> [PROBLEM STATEMENT] A verbatim copy of the listing is what is needed, minus any pictures.

> [DATA FOR THIS EXERCISE]
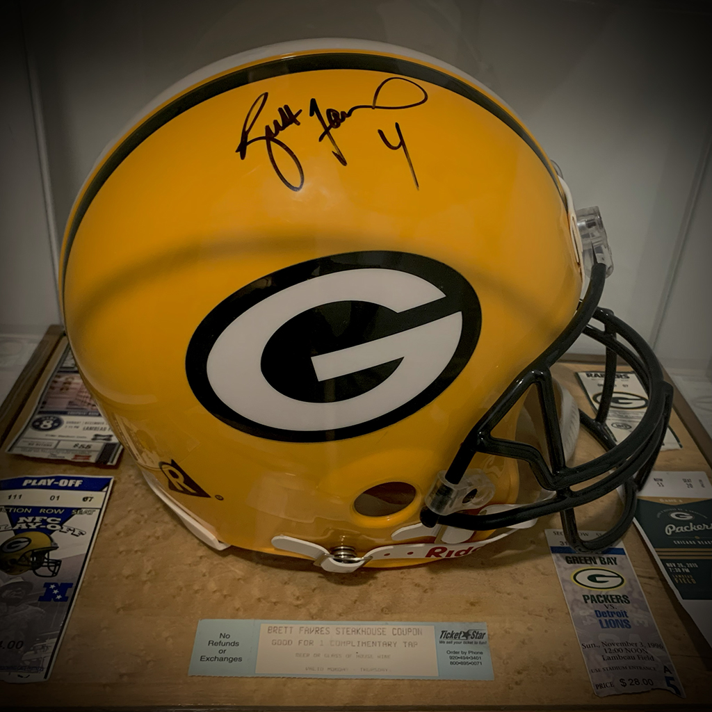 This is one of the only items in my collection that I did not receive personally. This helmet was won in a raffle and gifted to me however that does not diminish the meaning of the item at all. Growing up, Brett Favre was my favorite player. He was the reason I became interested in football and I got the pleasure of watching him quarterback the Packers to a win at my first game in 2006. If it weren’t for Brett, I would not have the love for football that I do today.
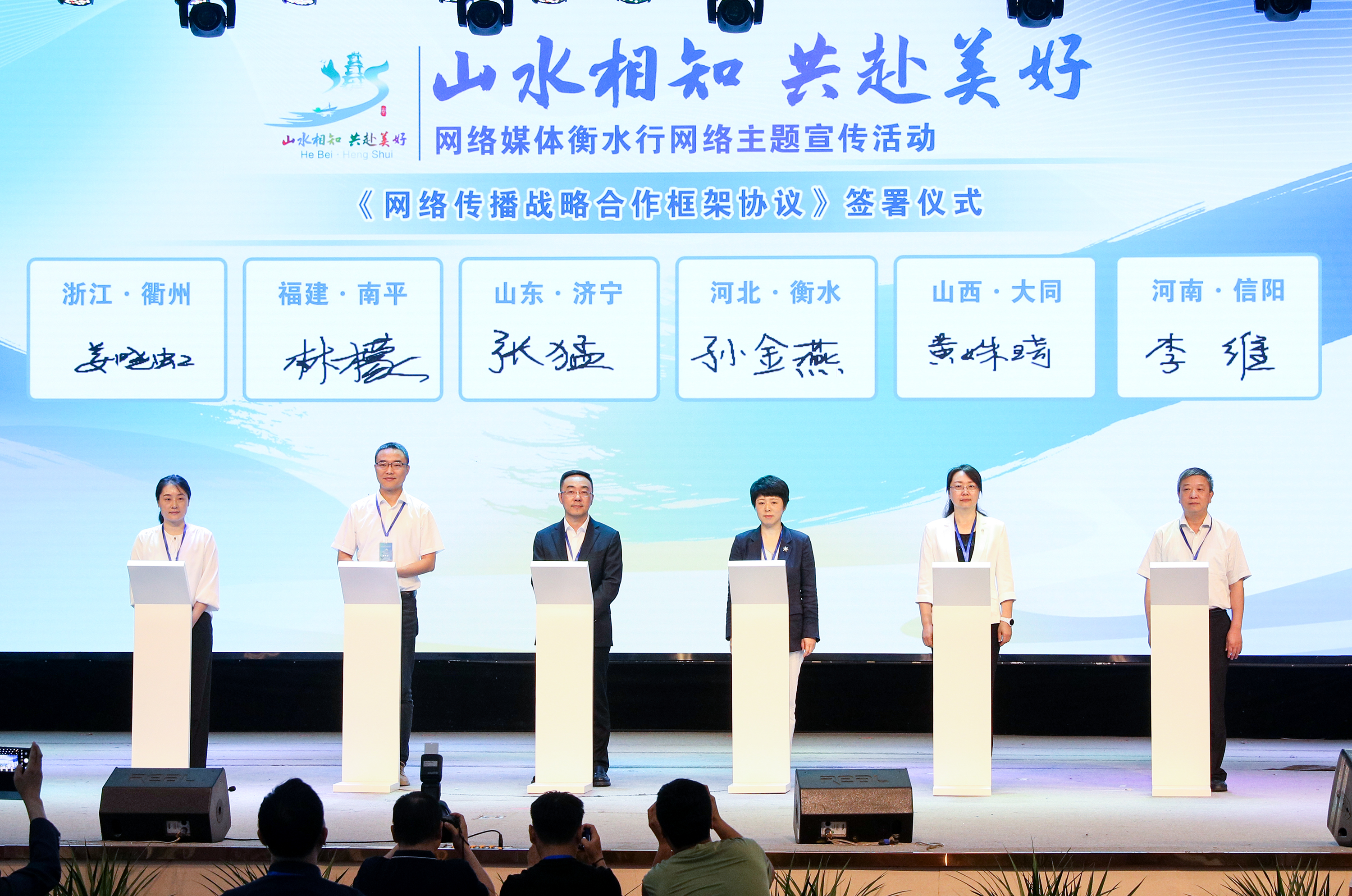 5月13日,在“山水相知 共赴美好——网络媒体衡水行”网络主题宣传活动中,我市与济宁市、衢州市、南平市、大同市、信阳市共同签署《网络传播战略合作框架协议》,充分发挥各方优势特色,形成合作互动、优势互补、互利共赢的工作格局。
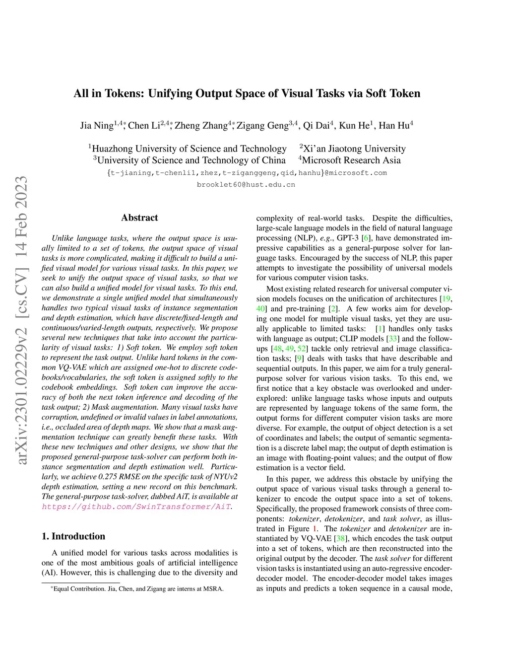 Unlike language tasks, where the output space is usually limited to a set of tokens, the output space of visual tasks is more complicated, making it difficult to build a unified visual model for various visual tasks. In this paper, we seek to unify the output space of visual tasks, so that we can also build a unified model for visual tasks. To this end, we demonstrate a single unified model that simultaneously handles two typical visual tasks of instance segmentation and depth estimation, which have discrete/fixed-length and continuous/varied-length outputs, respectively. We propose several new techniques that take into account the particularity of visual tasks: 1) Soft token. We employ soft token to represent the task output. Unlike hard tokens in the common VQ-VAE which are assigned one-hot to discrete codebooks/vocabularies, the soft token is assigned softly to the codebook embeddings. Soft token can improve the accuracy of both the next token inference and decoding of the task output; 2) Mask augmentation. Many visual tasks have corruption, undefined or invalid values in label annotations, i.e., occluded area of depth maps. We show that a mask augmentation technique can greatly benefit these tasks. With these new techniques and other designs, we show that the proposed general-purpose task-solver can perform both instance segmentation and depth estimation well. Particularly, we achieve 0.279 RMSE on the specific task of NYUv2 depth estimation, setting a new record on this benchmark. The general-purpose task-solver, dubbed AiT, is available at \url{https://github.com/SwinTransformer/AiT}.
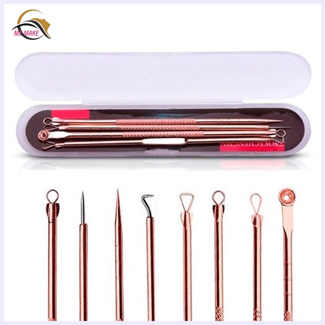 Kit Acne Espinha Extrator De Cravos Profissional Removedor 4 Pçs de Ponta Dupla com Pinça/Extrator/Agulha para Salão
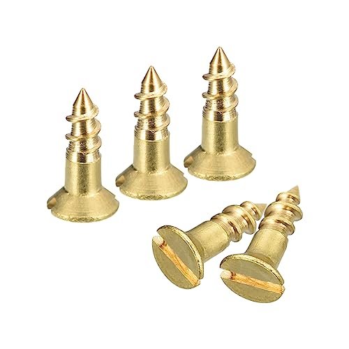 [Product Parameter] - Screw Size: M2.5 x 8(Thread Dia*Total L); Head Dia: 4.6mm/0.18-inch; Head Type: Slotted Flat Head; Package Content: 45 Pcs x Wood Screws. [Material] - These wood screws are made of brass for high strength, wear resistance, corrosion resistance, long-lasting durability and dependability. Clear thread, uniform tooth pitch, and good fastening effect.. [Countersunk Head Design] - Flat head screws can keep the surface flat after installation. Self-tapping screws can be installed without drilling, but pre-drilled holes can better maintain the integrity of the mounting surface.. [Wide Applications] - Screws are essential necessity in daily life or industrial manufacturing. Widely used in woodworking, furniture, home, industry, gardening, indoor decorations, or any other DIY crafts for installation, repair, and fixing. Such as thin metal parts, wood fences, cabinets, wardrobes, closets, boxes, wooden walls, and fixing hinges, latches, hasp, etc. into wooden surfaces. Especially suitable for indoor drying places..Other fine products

> [SOLUTION TO THIS TASK]
 This is one of the only items in my collection that I did not receive personally. This helmet was won in a raffle and gifted to me however that does not diminish the meaning of the item at all. Growing up, Brett Favre was my favorite player. He was the reason I became interested in football and I got the pleasure of watching him quarterback the Packers to a win at my first game in 2006. If it weren’t for Brett, I would not have the love for football that I do today.
 5月13日,在“山水相知 共赴美好——网络媒体衡水行”网络主题宣传活动中,我市与济宁市、衢州市、南平市、大同市、信阳市共同签署《网络传播战略合作框架协议》,充分发挥各方优势特色,形成合作互动、优势互补、互利共赢的工作格局。
 Unlike language tasks, where the output space is usually limited to a set of tokens, the output space of visual tasks is more complicated, making it difficult to build a unified visual model for various visual tasks. In this paper, we seek to unify the output space of visual tasks, so that we can also build a unified model for visual tasks. To this end, we demonstrate a single unified model that simultaneously handles two typical visual tasks of instance segmentation and depth estimation, which have discrete/fixed-length and continuous/varied-length outputs, respectively. We propose several new techniques that take into account the particularity of visual tasks: 1) Soft token. We employ soft token to represent the task output. Unlike hard tokens in the common VQ-VAE which are assigned one-hot to discrete codebooks/vocabularies, the soft token is assigned softly to the codebook embeddings. Soft token can improve the accuracy of both the next token inference and decoding of the task output; 2) Mask augmentation. Many visual tasks have corruption, undefined or invalid values in label annotations, i.e., occluded area of depth maps. We show that a mask augmentation technique can greatly benefit these tasks. With these new techniques and other designs, we show that the proposed general-purpose task-solver can perform both instance segmentation and depth estimation well. Particularly, we achieve 0.279 RMSE on the specific task of NYUv2 depth estimation, setting a new record on this benchmark. The general-purpose task-solver, dubbed AiT, is available at \url{https://github.com/SwinTransformer/AiT}.
 Kit Acne Espinha Extrator De Cravos Profissional Removedor 4 Pçs de Ponta Dupla com Pinça/Extrator/Agulha para Salão
 [Product Parameter] - Screw Size: M2.5 x 8(Thread Dia*Total L); Head Dia: 4.6mm/0.18-inch; Head Type: Slotted Flat Head; Package Content: 45 Pcs x Wood Screws. [Material] - These wood screws are made of brass for high strength, wear resistance, corrosion resistance, long-lasting durability and dependability. Clear thread, uniform tooth pitch, and good fastening effect.. [Countersunk Head Design] - Flat head screws can keep the surface flat after installation. Self-tapping screws can be installed without drilling, but pre-drilled holes can better maintain the integrity of the mounting surface.. [Wide Applications] - Screws are essential necessity in daily life or industrial manufacturing. Widely used in woodworking, furniture, home, industry, gardening, indoor decorations, or any other DIY crafts for installation, repair, and fixing. Such as thin metal parts, wood fences, cabinets, wardrobes, closets, boxes, wooden walls, and fixing hinges, latches, hasp, etc. into wooden surfaces. Especially suitable for indoor drying places..Other fine products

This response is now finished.